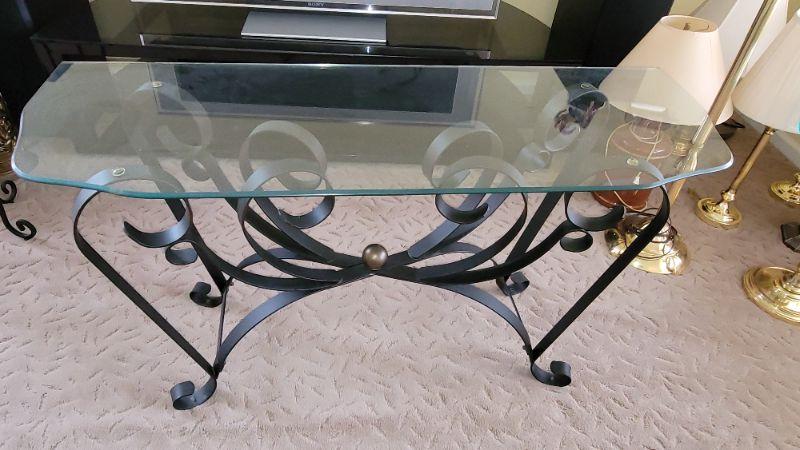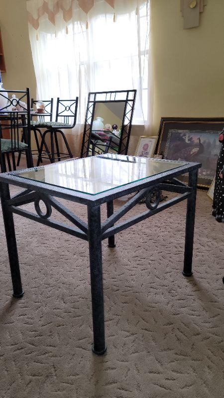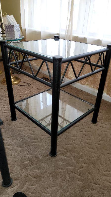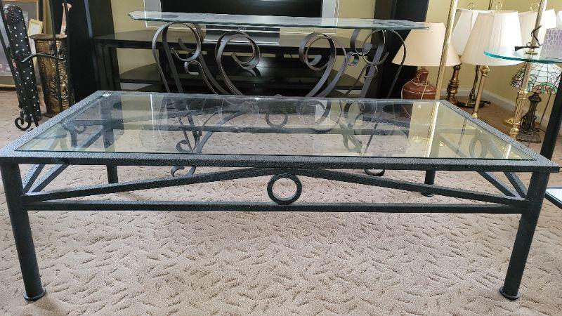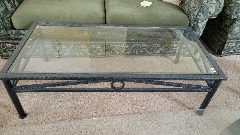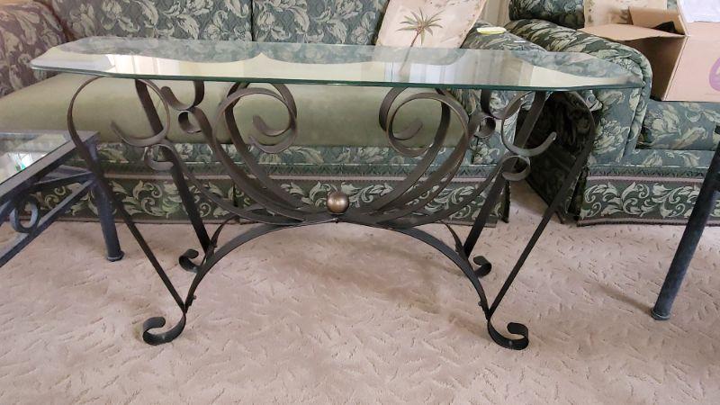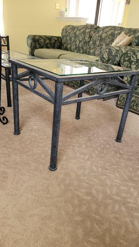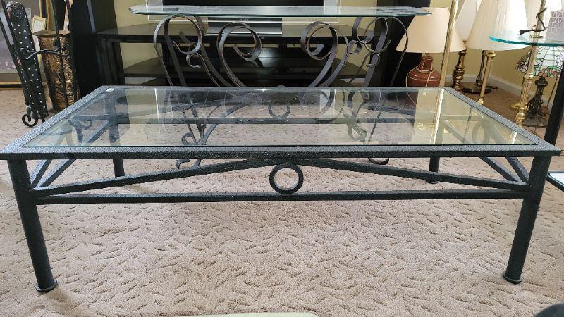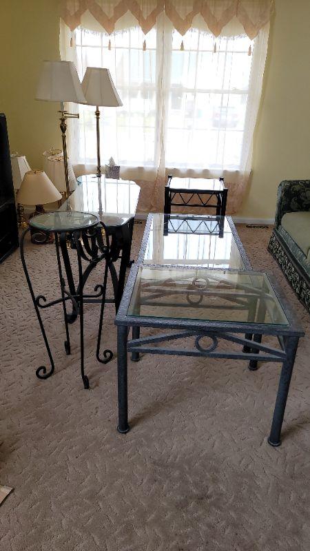Lot27: Metal plant stand, glass top sofa table, glass top coffee table and two glass top end tables
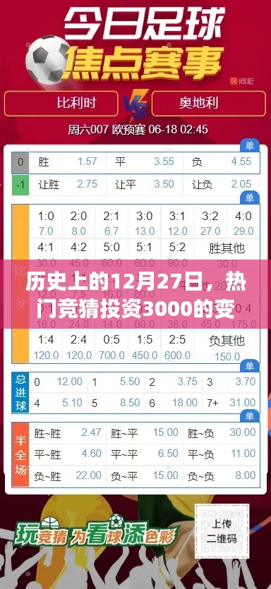 每年的12月27日,对于许多热爱投资和竞猜的人来说,都是一个值得纪念的日子,这一天不仅承载着丰富的历史记忆,更在某种程度上预示了未来投资趋势的微妙变化,本文将围绕“历史上的12月27日”这一主题,探讨热门竞猜投资3000背后的故事,以及这一天在全球投资市场中的特殊地位。
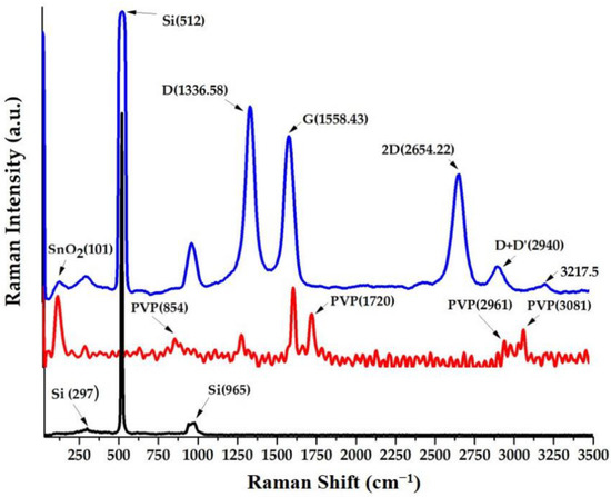 Raman spectra of ox-SWCNH-SnO2-PVP with stoichiometry 1/1/1. Reprinted from Ref. [18]. Copyright 2020 by the authors. Licensee MDPI, Basel, Switzerland. This article is an open access article distributed under the terms and conditions of the Creative Commons Attribution (CC BY) license.
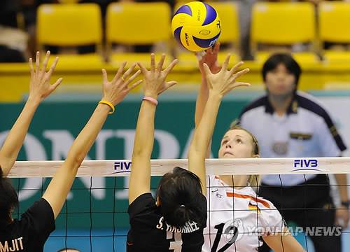 epa02427406 Heike Beier (R) of Germany spikes the ball against Thailand in the first round match at the Women's Volleyball World Championships in Matsumoto city, Nagano province, Japan, 03 November 2010. Germany won in three sets. EPA/EVERETT KENNEDY BROWN < 뉴스의 새 시대, 연합뉴스 Live >< 모바일 애플리케이션 >< 포토 매거진 >< 저작권자(c)연합뉴스. 무단전재-재배포금지. >

------------------------------

Task statement: Write the listing above out again word for word, excluding all images.

Response below:
Lot27: Metal plant stand, glass top sofa table, glass top coffee table and two glass top end tables
 每年的12月27日,对于许多热爱投资和竞猜的人来说,都是一个值得纪念的日子,这一天不仅承载着丰富的历史记忆,更在某种程度上预示了未来投资趋势的微妙变化,本文将围绕“历史上的12月27日”这一主题,探讨热门竞猜投资3000背后的故事,以及这一天在全球投资市场中的特殊地位。
 Raman spectra of ox-SWCNH-SnO2-PVP with stoichiometry 1/1/1. Reprinted from Ref. [18]. Copyright 2020 by the authors. Licensee MDPI, Basel, Switzerland. This article is an open access article distributed under the terms and conditions of the Creative Commons Attribution (CC BY) license.
 epa02427406 Heike Beier (R) of Germany spikes the ball against Thailand in the first round match at the Women's Volleyball World Championships in Matsumoto city, Nagano province, Japan, 03 November 2010. Germany won in three sets. EPA/EVERETT KENNEDY BROWN < 뉴스의 새 시대, 연합뉴스 Live >< 모바일 애플리케이션 >< 포토 매거진 >< 저작권자(c)연합뉴스. 무단전재-재배포금지. >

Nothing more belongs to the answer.